Whenever chromium comes into contact with oxygen, it forms a thin invisible layer of chromium oxide (also referred to as dichromium trioxide) (Cr2O3); the oxide skin. This thin layer protects the underlying metal against further oxidation.
The quantity of carbon determines the hardness of the steel. A high carbon steel will be difficult to process.
Those types of stainless steel that have a nickel content of 6-26% (the AISI 300 series) are classed as austenitic and non-magnetic when supplied. They offer excellent deformation properties (bending, deep drawing, expansion) and are also shock-resistant over the entire temperature range, both at very low and very high temperatures. By adding nickel to the steel in the above-mentioned quantities, the austenitic phase remains thermodynamically stable. Consequently, after heat treating austenitic stainless steel, the steel does not undergo any phase change during the cooling process. It is therefore impossible to harden austenistic stainless steel by heat treatment. The other elements, such as, for ex. chromium and molybdenum, increase the steel’s corrosion resistance and workability.
AISI 430, AISI 410 and AISI 409 (the 400 series) are examples of ferritic, as well as duplex types of stainless types. In contrast to the austenitic types of stainless steel, ferritic and duplex types of stainless steel are indeed magnetic, but their deformation rate is generally not so good.

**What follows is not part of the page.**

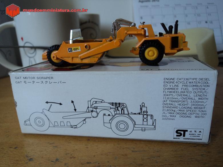 Descrição Scraper da Caterpillar, CAT 621, fabricado pela Eidai, dentro da Série Grip Zechin. Embora fabricada na escala 1:111, é uma miniatura muito bem feita, com abertura móvel do caixão e do compactador de solo.

Certain types of stainless steels are highly susceptible to chlorine. Mains water, swimming pool water, sodium hypochlorite (NaOCl), hydrogen chloride (HCl) and iron (III)chloride have a highly corrosive effect upon stainless steel. Pitting corrosion is a type of corrosion whereby the surface of the steel becomes pitted. If stainless steel AISI 304, for example, comes into contact with chlorinated water, either from drinking water or swimming pool water, the chlorine will attack the protective layer of chromium oxide in places. At first, this will cause a slight dip in the surface, in which more chlorine ions will collect, and the pitting will then preferably continue in this area, causing the pitting to penetrate deeper. Finally, the material will generally be of smooth appearance, but with some pitting in the surface. Pitting corrosion is characterised by holes appearing right next to welded seams.
The elasticity modulus of stainless steel is not the same as that of normal steel. The E modulus of SS is E = 195,000 MPa and that of ‘normal’ construction steel is: E = 210,000 MPa.
The tensile strength of stainless steel is a standard used to classify the mechanical properties of this type of steel. In practice, the yield point (sometimes also referred to as the 0.2% minimum proof point or Rp 02) is much more important. If the material reaches its tensile strength, it will already be plastically very deformed.